Here, we present a generalized logical model, which is capable of revealing the process of degradation, the sigmoidal biological relationships between molecules and the effects of scheduled perturbations to signaling networks. Compared with SimBoolNet [16] and GINsim [1] (a Boolean network based simulation tool), the proposed simulator can not only predict the stable states of the signal transduction system but also dynamically simulate the effects induced by various timing and ordering of perturbations. The simulations are validated using experimental phosphoproteomics data of breast cancer cells perturbed by different combinations of drug additions [18]. The simulated time-series data of protein activity levels show significant correlations with the real time-course data, thereby demonstrating that the proposed model is able to capture the key features of the signaling pathways.

Methods

Computational model for dynamical simulation

Our model takes a directed graph as the input network to do simulation. In the network, each node denotes a molecular species (e.g., a protein) and each directed edge (u, v) represents signal transduction from node u to node v. One variable with a nonnegative value from 0 (fully inhibited) to 1 (fully activated) is associated with each node to represent the activity level of the protein. The edge weight is also a variable with the value between 0 and 1 to denote the strength of the interaction and a sign (‘+’ or ‘–’) to denote the type of the interaction (i.e., positive means activation and negative blockage). Users can select input nodes and a virtual node is added upstream of all the input nodes. This virtual node is the abstraction of the extracellular environment which is able to generate signals that can stimulate or inhibit the input nodes (e.g., the receptors) of the signaling network. Given random initial activities for all the nodes in the network, their states will be updated synchronously based on their own previous states and the incoming signals from their parent nodes, according to Eq. (1). In this formula, X _t is the activity level of node x at time t, d is a pre-defined parameter denoting the degradation rate of the activated x from time t−1 to t, A _i (or B _j ) is the signals (i.e., the activity level times the edge weight) transmitted from the ith activating (or jth inhibiting) parent node upstream of x; $\left[1-\prod (1-A_i)\right]$ is the overall activating effect generated by all the incoming activating signals and $\prod (1-B_j)$ is the probability that the incoming inhibiting signals do not affect x.
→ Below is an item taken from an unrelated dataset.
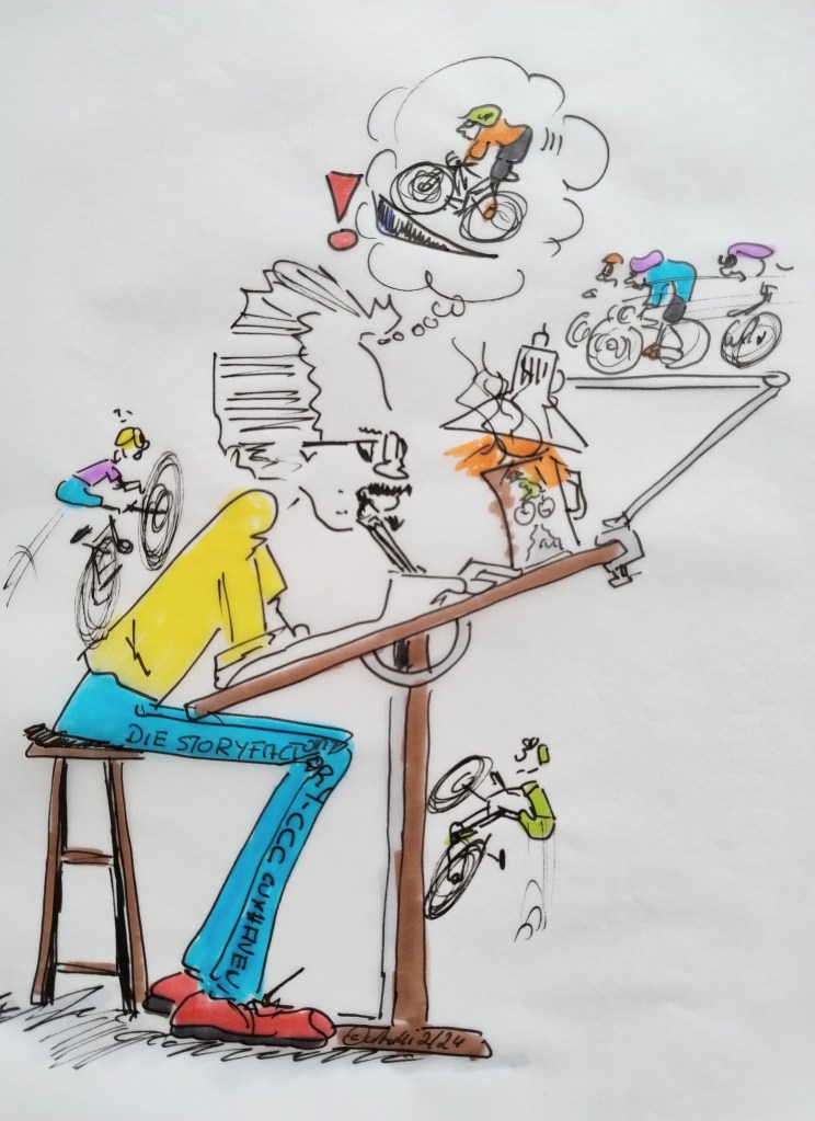cartulli’s UCI Radsport-WM-Cartoon: Die Storyfactory und das Cuxhaven-Cartoon-Center werden ab dem 22. September, die UCI Radsport-Weltmeisterschaft in Zürich, mit passenden Karikaturen (cartulli’s UCI Radsport-WM-Cartoon) begleiten. Viel Spaß.

Altogether, they act on the inactivated form of x at the (t−1)th iteration (i.e., (1−X _{t −1})). The blocking effect acting on the activated form of x follows the similar logic. Overall, the updated state is defined by the nondegraded part and the newly activated part minus the inhibited part. Given a user-defined number of simulation iterations, the discrete steps are employed to approximate the process that the activity levels of the nodes change over time. Figure 1 shows the workflow of the simulation using the proposed model.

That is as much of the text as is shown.